An international team of researchers has finally clarified the origin of and processes which form planetary rings around two minor planets known as centaurs. Their findings suggest that there’s a strong possibility we’ll see such rings around future centaurs.

Artistic impression of a centaur and its ring system.
Image credits ESO/L. Calçada/Nick Risinger.

Centaurs are small celestial bodies that orbit between Jupiter and Neptune. Their current or past orbits repeatedly cross with those of gas giants, and sometimes pass very close by the planets themselves. Because they share characteristics of both comets and asteroids, they’re named after the mythological centaurs of old, creatures with a dual nature — the upper body of a human and the lower body of a horse.

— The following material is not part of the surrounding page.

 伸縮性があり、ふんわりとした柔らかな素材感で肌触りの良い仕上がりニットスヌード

In 2014, scientists studying the occultation effect of these centaurs were surprised to discover ring systems around Chariklo, the largest centaur we know of with (approximately 250-kilometre radius). Chiron, a slightly smaller centaur with a 220-kilometre-radius, is also suspected to have a similar ring system. Their origin and formation remained shrouded in mystery, though, as we’ve only seen rings around huge gas giants such as Saturn or Jupiter before and thought massive gravitational forces are needed to generate the material that forms such rings.

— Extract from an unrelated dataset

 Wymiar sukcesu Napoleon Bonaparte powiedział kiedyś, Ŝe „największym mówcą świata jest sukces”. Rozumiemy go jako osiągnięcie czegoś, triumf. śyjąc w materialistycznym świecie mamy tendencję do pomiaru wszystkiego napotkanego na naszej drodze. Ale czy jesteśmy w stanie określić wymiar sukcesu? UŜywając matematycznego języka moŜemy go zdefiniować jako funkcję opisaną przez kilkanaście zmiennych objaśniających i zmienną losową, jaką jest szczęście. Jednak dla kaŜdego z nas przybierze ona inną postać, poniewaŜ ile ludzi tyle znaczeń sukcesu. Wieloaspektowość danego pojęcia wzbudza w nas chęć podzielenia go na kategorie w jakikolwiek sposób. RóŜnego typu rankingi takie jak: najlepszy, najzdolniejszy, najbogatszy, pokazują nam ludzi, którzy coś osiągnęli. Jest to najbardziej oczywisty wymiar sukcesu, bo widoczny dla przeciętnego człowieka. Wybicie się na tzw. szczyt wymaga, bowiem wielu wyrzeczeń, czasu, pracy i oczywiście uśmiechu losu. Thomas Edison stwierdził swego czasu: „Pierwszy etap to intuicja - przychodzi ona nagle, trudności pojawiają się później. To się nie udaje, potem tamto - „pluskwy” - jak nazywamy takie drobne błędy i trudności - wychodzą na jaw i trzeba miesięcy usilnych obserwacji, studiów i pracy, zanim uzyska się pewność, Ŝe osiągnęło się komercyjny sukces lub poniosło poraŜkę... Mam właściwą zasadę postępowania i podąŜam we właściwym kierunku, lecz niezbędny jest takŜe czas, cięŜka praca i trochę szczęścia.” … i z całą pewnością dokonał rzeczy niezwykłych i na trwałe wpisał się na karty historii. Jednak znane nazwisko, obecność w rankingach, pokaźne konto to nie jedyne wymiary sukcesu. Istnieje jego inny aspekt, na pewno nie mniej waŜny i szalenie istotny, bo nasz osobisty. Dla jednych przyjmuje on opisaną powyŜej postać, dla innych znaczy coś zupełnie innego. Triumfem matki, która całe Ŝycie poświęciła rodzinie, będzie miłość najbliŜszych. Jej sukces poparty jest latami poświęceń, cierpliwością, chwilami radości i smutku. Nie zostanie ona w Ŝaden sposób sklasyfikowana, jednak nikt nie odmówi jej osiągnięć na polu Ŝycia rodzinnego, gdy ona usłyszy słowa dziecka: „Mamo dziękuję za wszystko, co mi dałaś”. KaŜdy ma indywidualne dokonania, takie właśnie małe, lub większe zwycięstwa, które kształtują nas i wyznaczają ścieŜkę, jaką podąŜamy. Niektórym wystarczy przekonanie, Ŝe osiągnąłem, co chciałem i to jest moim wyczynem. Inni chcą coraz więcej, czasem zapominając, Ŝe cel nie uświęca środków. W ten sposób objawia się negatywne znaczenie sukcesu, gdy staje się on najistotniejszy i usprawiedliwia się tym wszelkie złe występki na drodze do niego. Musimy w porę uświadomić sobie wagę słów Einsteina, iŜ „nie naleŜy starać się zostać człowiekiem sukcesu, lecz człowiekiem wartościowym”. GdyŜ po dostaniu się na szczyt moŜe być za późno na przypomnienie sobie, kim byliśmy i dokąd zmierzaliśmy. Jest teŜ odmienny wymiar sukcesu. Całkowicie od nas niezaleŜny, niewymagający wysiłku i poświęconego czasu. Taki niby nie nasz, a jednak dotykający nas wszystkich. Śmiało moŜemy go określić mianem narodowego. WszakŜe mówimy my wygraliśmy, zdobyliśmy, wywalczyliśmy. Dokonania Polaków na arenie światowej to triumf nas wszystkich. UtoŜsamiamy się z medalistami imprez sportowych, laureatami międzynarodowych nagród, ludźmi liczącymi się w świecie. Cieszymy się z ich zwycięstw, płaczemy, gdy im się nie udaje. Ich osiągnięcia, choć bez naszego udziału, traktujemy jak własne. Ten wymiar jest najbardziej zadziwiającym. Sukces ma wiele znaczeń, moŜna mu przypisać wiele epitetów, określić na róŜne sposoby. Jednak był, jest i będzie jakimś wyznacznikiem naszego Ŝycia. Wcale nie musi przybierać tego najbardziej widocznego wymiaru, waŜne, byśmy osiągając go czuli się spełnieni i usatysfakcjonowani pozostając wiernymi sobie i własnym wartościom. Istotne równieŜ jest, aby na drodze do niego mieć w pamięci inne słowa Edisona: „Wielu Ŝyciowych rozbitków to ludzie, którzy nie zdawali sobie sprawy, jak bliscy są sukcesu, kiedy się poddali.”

Now, an international team of astrophysicists thinks they’ve discovered how the small centaurs got their rings. The team began by estimating the probability that the bodies passed close enough to a gas giant to be ripped apart by their tidal pull — the results showed that roughly 10% of centaurs would go through such an encounter.

They then used computer simulations to model the effect gravitational forces would have on the centaurs as they passed close to a gas giant. The results would vary considerably based on several factors, such as the centaur’s initial spin, it’s core size, and the distance of approach to the planet.

But if the conditions were just right — if the centaur is differentiated (its center and mantle are made of different materials), specifically if it has a silicate core covered with ice, bits and pieces of it will often spread out in a disc shape around the largest remnant piece. Over time, this would stabilize into a planetary disk.

A disk like this.
Image credits Astronomy Now.

The team’s results show that rings form around centaurs much more readily than we believed. So it’s highly likely we’ll see more ringed centaurs or small moons once we go out there.

Which is fortunate, because they seem very pretty.

The full paper “Formation of the Centaurs’ Rings through their Partial Tidal Disruption during Planetary Encounters” has been published in The Astrophysical Journal.